3 of 366 comments (clear)

  1. How about we hire editors that speak English? by Frenchman113 · · Score: 0, Troll

    According to anti-piracy vendor V.I. Labs, 100% of the warez in its survey were available on RapidShare

    It's was available no RapidShare, and no, writing "were" where it is not needed and not correct does not make your sentence "sophisticated" or "advanced."

    Now for a statement related to the article: How is this new? Illegal content was always more prevalent on standard web sites. P2P was always more of a niche thing, even after BitTorrent and ThePirateBay caught on.

  2. Re:Sucks to be American sometimes by kz45 · · Score: 0, Troll

    "They steal from us, we steal from them. Let's see who breaks first.
    Maybe we'll reach a stage where some kind of peace agreement is the only way forward. Reasonable copyright terms being one of the clauses."

    How exactly did "they" "steal" from you?

    Companies release music and movies that they produced. If you don't agree to their terms, don't listen or watch them. It's that easy.

    The same rules apply to GNU software.

  3. Re:Sucks to be American sometimes by kz45 · · Score: 0, Troll

    "Corporate controlled copyright has perverted copyright by exploiting artists more often than not, while increasing scarcity and decreasing quality of material."

    With digital works, the scarcity is the talent needed to create said work, not the bits used to distribute it. Artists aren't forced into a contract at gun-point. They understand the terms of the contract when signing.

    "People have always shared information, and while p2p reduces revenue, it's more a reduction from "obscenely fucking profitable" to just "fucking profitable"."
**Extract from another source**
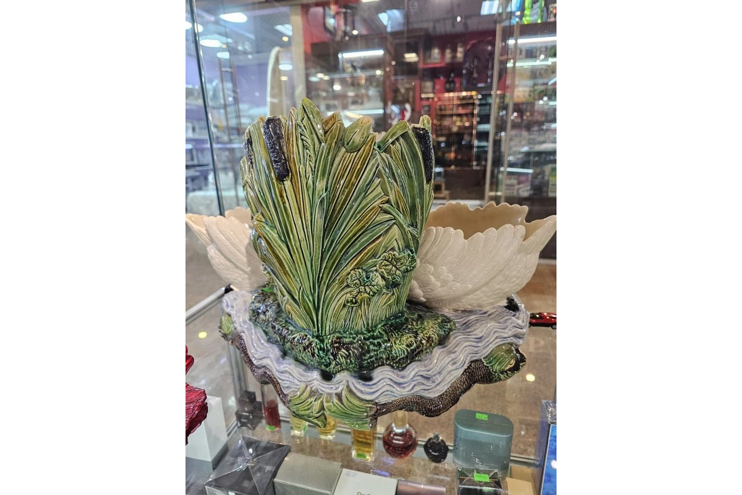 Сюжет и композиция: изображение двух лебедей. Лебеди часто символизируют красоту, грацию и верность. В таких кашпо фигуры птиц могли быть расположены симметрично или в динамичной позе, что подчёркивало их изящество. Возможно, сцена включала элементы пейзажа — воду, камыши или цветы, что добавляло композиции глубины. 12

    Not really. P2p and the Internet is putting any industry that can be digitally copied out of business. What's your excuse for movies? Are the Actors getting screwed? How about books? Do you not like the publishing contracts?

    P2p is and always has been an easy way for freeloaders to get easy access to movies, music, and software. There is no noble cause behind it, and all of the excuses that are given are laughable.